В 1924 году весной вокруг Маршака еще едва-едва начинал собираться первый отряд детских писателей. Вот-вот должен был появиться Житков, издавался (или предполагался?) детский журнал при «Ленинградской правде». Начинал свою работу Клячко – основал издательство «Радуга»». Маршак написал «Детки в клетке», «Пожар». Лебедев сделал рисунки «Цирк». Его уверенные, даже властные высказывания о живописи положили свой отпечаток и на всей нашей работе. Но все это едва-едва начиналось. Была весна. Я приходил со своей рукописью в знакомую комнату окнами на Таврический сад. И мы работали. Для того, чтобы объяснить мне, почему плохо то или иное место рукописи, Маршак привлекал и Библию, и Шекспира, и народные песни, и Пушкина, и многое другое, столь же величественное или прекрасное. Года через два мы, неблагодарные, подсмеивались уже над этим его свойством. Но ведь он таким образом навеки вбивал в ученика сознание того, что работа над рукописью дело божественной важности. И когда я шел домой или бродил по улицам с Маршаком, то испытывал счастье, чувствовал, что не только выбрался на дорогу, свойственную мне, но еще и живу отныне по-божески. Делаю великое дело. Написав книжку, я опять уехал в «Кочегарку». Вернувшись в Ленинград, я ужасно удивился тому, что моя «Балалайка» вышла в свет – и только! Ничего не изменилось в моей судьбе и вокруг. Впрочем, я скоро привык к этому. Во всяком случае, люди, которых я уважал, меня одобряли, а остальные стали привыкать к тому, что я не актер, а пишу. К этому времени Самуил Яковлевич со всей страстью ринулся делать журнал «Воробей». (Впрочем, кажется, журнал назывался уже «Новый Робинзон» в те дни?) Каждая строчка очередного номера обсуждалась на редакционных заседаниях так, будто от нее зависело все будущее детской литературы. И это мы неоднократно высмеивали впоследствии, не желая видеть, что только так и можно было работать, поднимая дело, завоевывая уважение к детской литературе, собирая и выверяя людей. Появился Житков. Они с Маршаком просиживали ночами, – Житков писал первые свои рассказы. Тогда он любил Маршака так же, как я. Еще и подумать нельзя было, что Борис восстанет первым на учителя нашего и весна, вдруг, перейдет в осень. Но это случилось позже. (А я говорю о весне 1924 года.)

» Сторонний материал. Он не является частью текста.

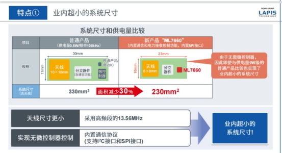 如何使系统尺寸比普通产品减少30%?可以看到普通产品系统构成主要有天线、分离元器件以及微控制构成。通过两个方式把系统尺寸总体减少,一个是减小了天线,第二个是系统无微控制器实现通信。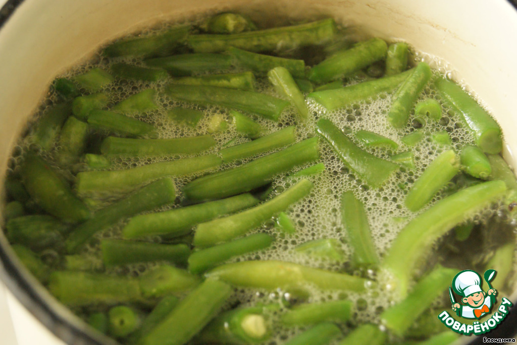 Замороженную фасоль (я использовала примерно четверть четырехсот граммового пакета) опускаем в кипящую подсоленую воду и отвариваем буквально 2 минутки. Откидываем на дуршлаг и обдаем ледяной водой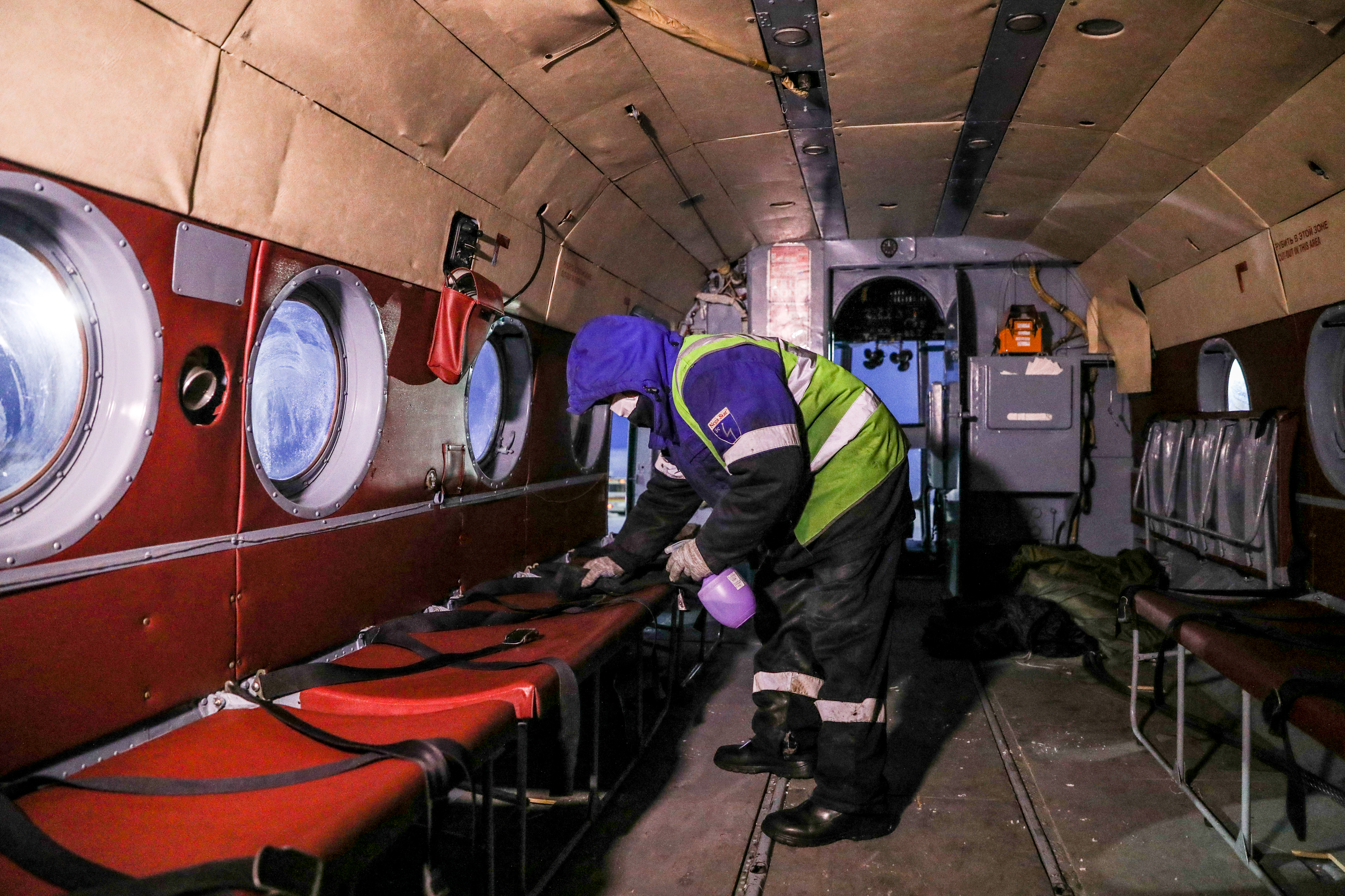 Каждое воздушное судно и автобус, доставляющий к нему пассажиров, дезинфицируют в конце рабочего дня. Требование по комплексной дезинфекционной обработке транспортных средств установлено постановлением губернатора НАО «О режиме повышенной готовности».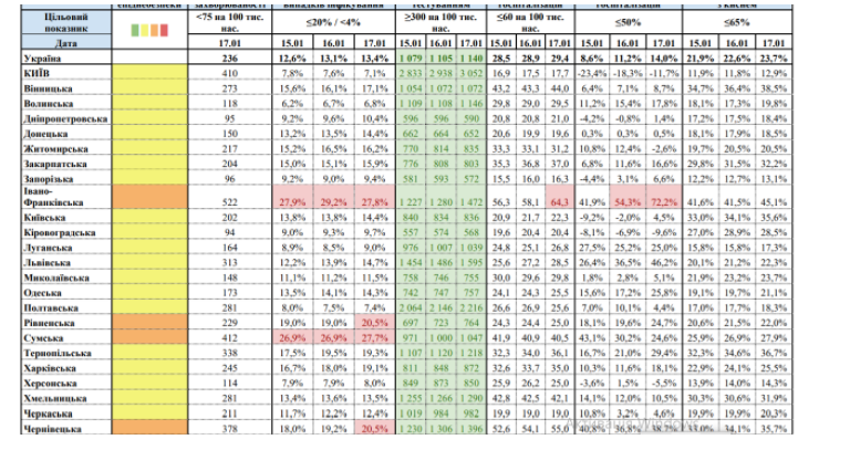 Ивано-Франковска — три критических показателя (новых случаев, уровня и динамики госпитализаций);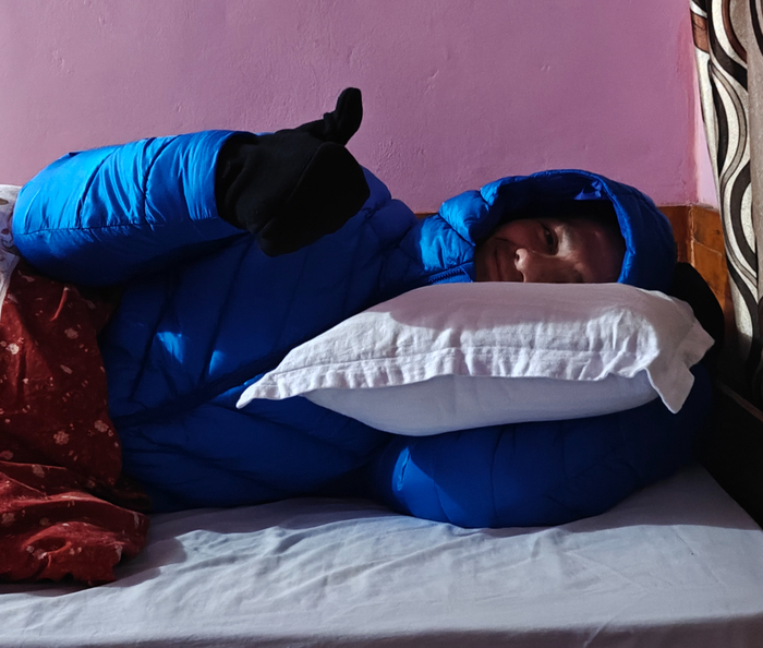 Какое-то время спустя мы почувствовали, что поднялись выше — в воздухе стало заметно холоднее, пришлось облачиться в кофты и шапки.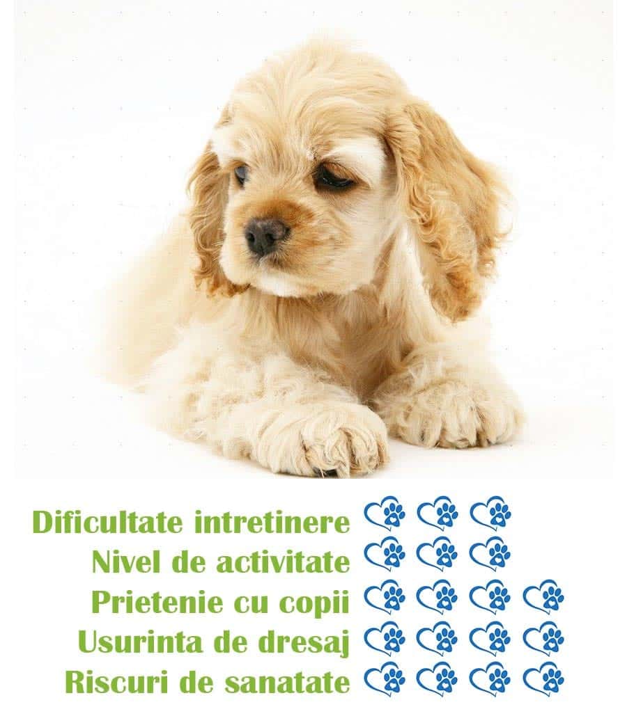 - Aptitudini de antrenament: Cocker Spaniel American este o rasa inteligenta si usor de antrenat, fiind potrivita pentru dresaj si concursuri de obediență sau agility
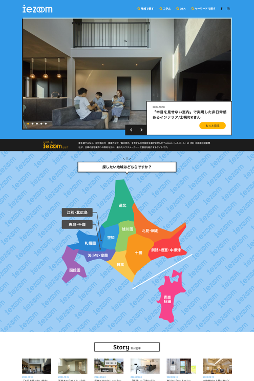 iezoom(いえズーム) https://iezoom.jp/ クライアント名 株式会社北海道住宅新聞社 制作 ウェビングスタジオ 制作メンバー コーディング・CMS:口田 聖子(ウェビングスタジオ) デザイン:川原田 このみ(川原田このみデザイン事務所) 北海道の住宅業界専門誌「北海道住宅新聞社」が、日頃の住宅業界への取材を元に、優れたハウスメーカー・工務店を紹介するサイトです。地域性に重点を置き、工務店、取材記事、イベントを密接に関連付けています。 #ポータルサイト #建築・不動産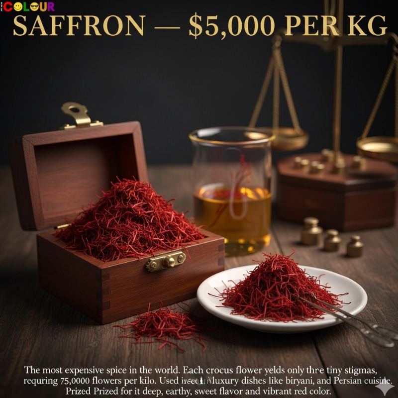 Saffron is the most expensive spice in the world. It comes from the tiny stigma of the saffron crocus flower. Each flower has only three stigmas, and it takes around 75,000 flowers to produce just one kilogram of saffron.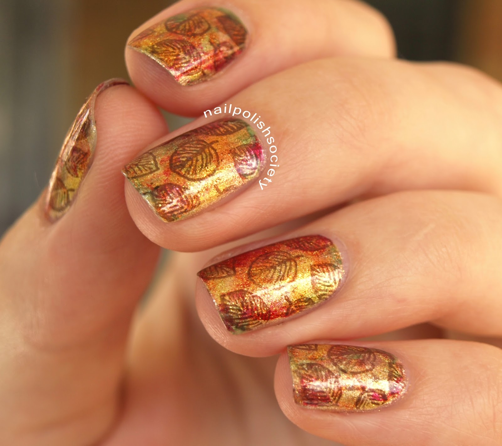 I started with a base of a golden metallic foil polish. Then I blotted over it with a few sheer glass flecked polishes in Autumnal (is that a word?) colors. Over that I stamped a leaf pattern and sealed the deal with a fast drying top coat.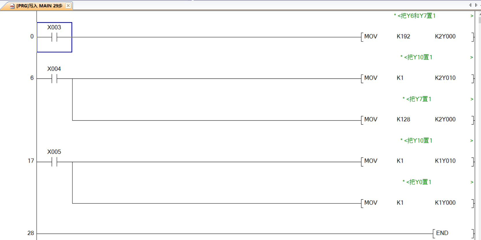 剛學三菱,我用三個按鈕分別控制了X3控制Y6和Y7導通,X4控制Y7和Y10導通,X5控制Y0和Y10導通,但是現在怎么一個有一個在置位中,不是按照按下那個按鈕那兩個導通,求高手看看這是什么原因,不勝感激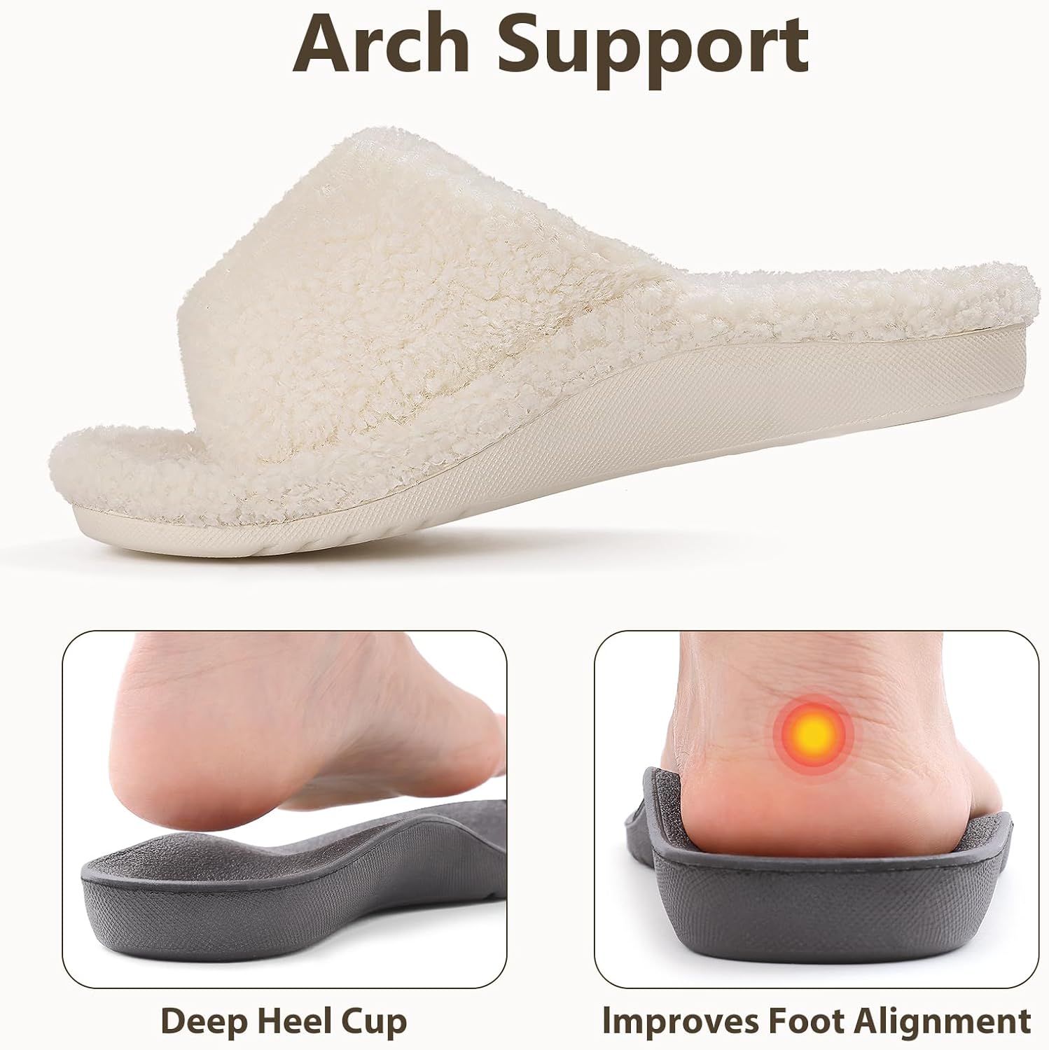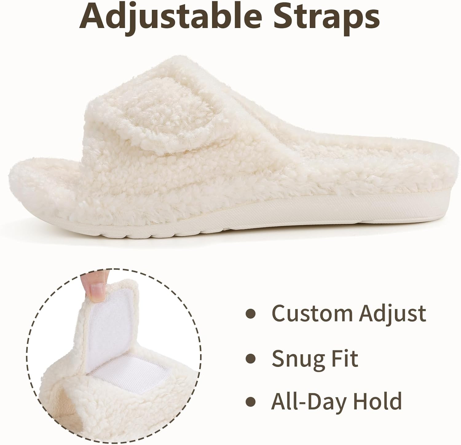 Customers find these slippers comfortable and well-made, with great arch support that helps with conditions like Plantar Fasciitis and swollen feet. They are soft and cushioned just enough, with an adjustable strap that adapts to different foot widths. Customers appreciate the perfect fit and consider them worth the price.
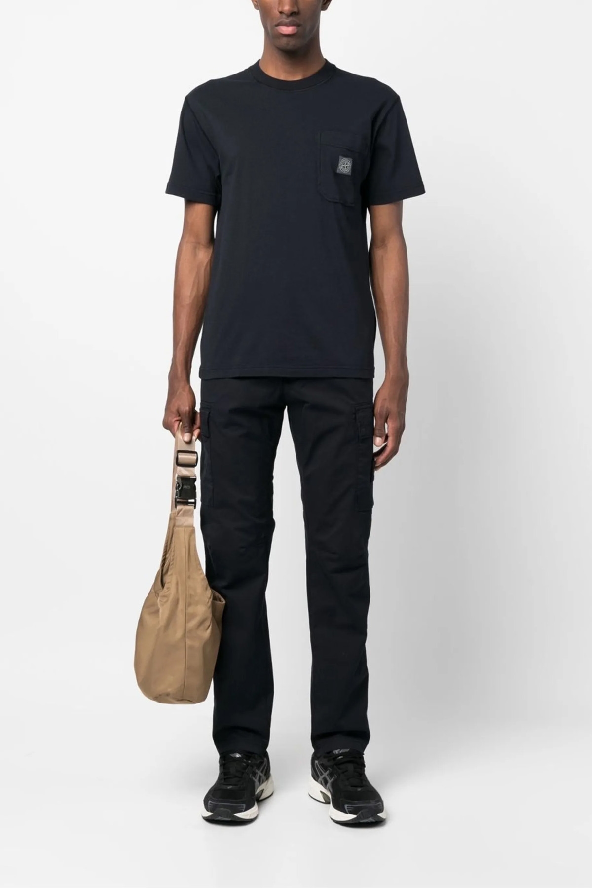 Cargo pants in stretch cotton with logo badge application, zip and button closure, pockets, tapered leg.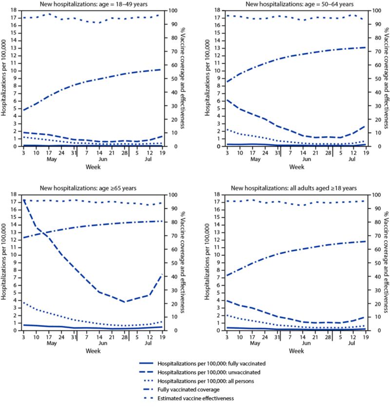 Hospitalization rates in New York for both vaccinated and unvaccinated individuals during the summer of 2021. As you can see, the estimated vaccine effectiveness, which accounts for how much less likely you are to be hospitalized if you’re vaccinated versus unvaccinated, has consistently remained well over 90% for all times and age groups. The hospitalization risks remain significantly reduced for vaccinated individuals even where new variants have emerged. (Credit: Rosenberg E.S. et al., MMWR Morb Mortal Weekly Rep. Epub, 2021)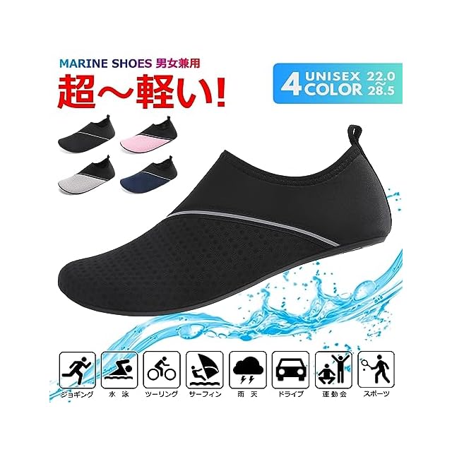 履き心地がいい:素足の感覚をそのままで! 超軽量マルチ機能性スキンシューズ。大人から子供までのサイズが揃えおるマリンシューズ。アッパーにはネオプレーンを採用することで、優れた伸縮性と排水性と通気性が期待できる。また、ソックスのような柔軟性で、履いても素足みたいな履き心地。弾力・伸縮性素材で足によくフィットし履き心地抜群。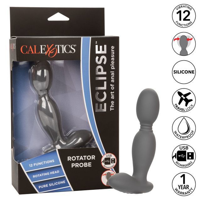 Вибромассажер Rotator Probe – инновационное бесшовное специализированное устройство с идеальной контурной анатомической формой и ротацией кончика стимулятора для правильного и качественного массажа простаты. Он изготовлен из гладкого литого гигиеничного силикона высшего качества, обеспечивающего удивительно приятные и гарантированно безопасные тактильные ощущения. Прибор разработан с учетом строения мочеполовой системы у мужчин. Массажер оснащен 12 функциями вибрации и ротации. Он имеет изогнутое основание, что не только не дает ему провалиться внутрь, но и позволяет носить ее внутри тела и использовать во время полового акта. Стимулятор снабжен высокотехнологичным чипом памяти, который позволяет запомнить последний режим выбранной вибрации и ротации и включается именно с него, не требуя снова искать предпочитаемую функцию. Совершенный инструмент для улучшения кровоснабжения, уменьшения застойных явлений, профилактики многих заболеваний половой сферы, улучшения эрекции, повышения либидо, получения удовольствия и новых ощущений. Вибромассажер оснащен анатомически изогнутым основанием, что не дает ему провалиться внутрь прямой кишки, а также делает устройство удобным для ношения или во время полового акта. Устройство необходимо вводить аккуратно, выпуклая часть должна быть направлена вверх. Такое положение устройства обеспечит наилучший эффект. Его можно использовать в душе и ванне. Для активации/дезактивации нажмите кнопку на ограничителе и удерживайте 3 секунды. Пробка заряжается через специальный аккумуляторный USB кабель и может быть подключен практически в любом месте. Просто подсоедините идущий в комплекте шнур к изделию и совместимому порту компьютера или USB-адаптера (приобретается отдельно). Полная зарядка занимает 60 минут, ее достаточно для беспрерывной работы в течение 60 минут. Рабочая длина - 10,25 см.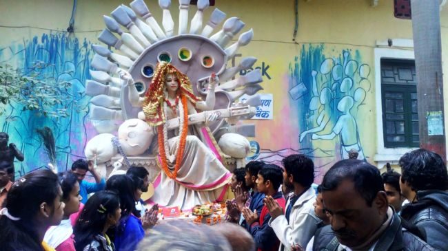 पटना आर्ट्स कॉलेज में छात्रों ने मां सरस्वती की भव्य प्रतिमा की स्थापना की है. इसके अलावा, कंकड़बाग, कदमकुआं, आशियाना, राजीव नगर, राजेन्द्र नगर, बोरिंग रोड समेत कई जगहों पर छात्रों ने सरस्वती की मूर्ति की स्थापना की और पूरे विधि विधान से पूजा की.

Итак – была весна 24-го года, время, которое начало то, что не кончилось еще в моей душе и сегодня. Поэтому весна эта – если вглядеться как следует, без всякого суеверия, без предрассудков – стоит рядом, рукой подать. Я приходил к Маршаку чаще всего к вечеру. Обычно он лежал. Со здоровьем было худо.

Он не мог уснуть. У него мертвели пальцы. Но тем не менее он читал то, что я принес, и ругал мой почерк, утверждая, что буквы похожи на помирающих комаров. И вот мы уходили в работу. Я со своей обычной легкостью был ближе к поверхности, зато Маршак погружался в мою рукопись с головой. Если надо было найти нужное слово, он кричал на меня сердито: «думай, думай!» Мы легко перешли на ты, так сблизила нас работа. Но мое «ты» было полно уважения. Я говорил ему: «ты, Самуил Яковлевич». До сих пор за всю мою жизнь не было такого случая, чтобы я сказал ему: «ты, Сема». – «Думай, думай!» – кричал он мне, но я редко придумывал то, что требовалось. Я был в работе стыдлив. Мне требовалось уединение. Угадывая это, Самуил Яковлевич чаще всего делал пометку на полях. Это значило, что я должен переделать соответствующее место – дома. Объясняя, чего он хочет от меня, Маршак, как я уже говорил, пускал в ход величайшие классические образцы, а сам приходил и меня приводил в одухотворенное состояние. Если в это время появлялась Софья Михайловна и звала обедать, он приходил в детское негодование. «Семочка, ты со вчерашнего вечера ничего не ел!» – «Дайте мне работать! вечно отрывают». – «Семочка!» – «Ну я не могу так жить. Ох!» – и задыхаясь он хватался за сердце. Когда работа приходила к концу, Маршак не сразу отпускал меня. Как многие нервные люди, он с трудом переходил из одного состояния в другое. Если ему надо было идти куда-нибудь, требовал, чтобы я шел провожать его. На улице Маршак был весел, заговаривал с прохожими, задавая им неожиданные вопросы. Почти всегда и они отвечали ему весело. Только однажды пьяный, которого Самуил Яковлевич спросил: «Гоголя читали?» – чуть не застрелил нас. Проводив Маршака, я шел домой, в полном смысле слова переживая все, что услышал от него. Поэтому я и помню, будто сам пережил, – английскую деревню, где калека на вопрос: как поживаете? – кричал весело: отлично! Помню Стасова, который шел с маленьким гимназистом Маршаком в Публичную библиотеку, помню Горького, всегда [дальше неразб. строчка].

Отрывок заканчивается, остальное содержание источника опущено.